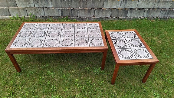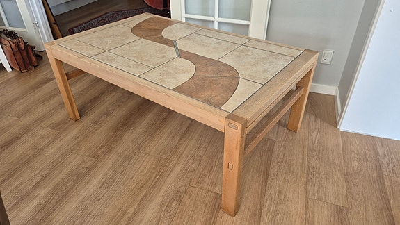 Lækkert sofabord i egetræ med kakler
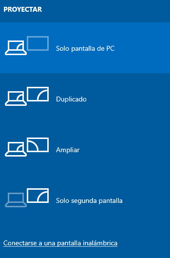 - solo pantalla de computadora : Windows utiliza sólo el monitor principal. El resto no se utiliza.
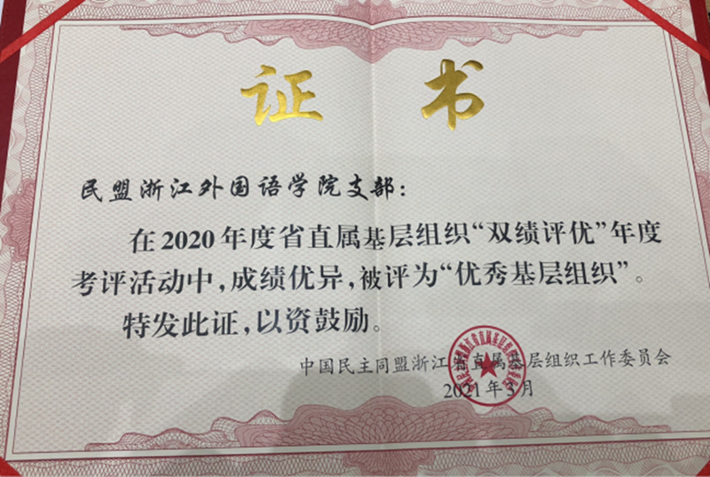 为表彰优秀、树立典型,民盟浙江省委决定,对在盟务工作中表现突出的优秀基层组织进行表彰。3月31日,经过推荐和评比,民盟kaiyun开云官方支部被盟省委授予“优秀基层组织”荣誉称号。
☆ ☆ ☆
**Description of the task**
Output only these lines, word for word: the line containing "- solo pantalla" and every line after it through the last line of the data. Omit the pictures.

**Solution to the problem**
 - solo pantalla de computadora : Windows utiliza sólo el monitor principal. El resto no se utiliza.
 为表彰优秀、树立典型,民盟浙江省委决定,对在盟务工作中表现突出的优秀基层组织进行表彰。3月31日,经过推荐和评比,民盟kaiyun开云官方支部被盟省委授予“优秀基层组织”荣誉称号。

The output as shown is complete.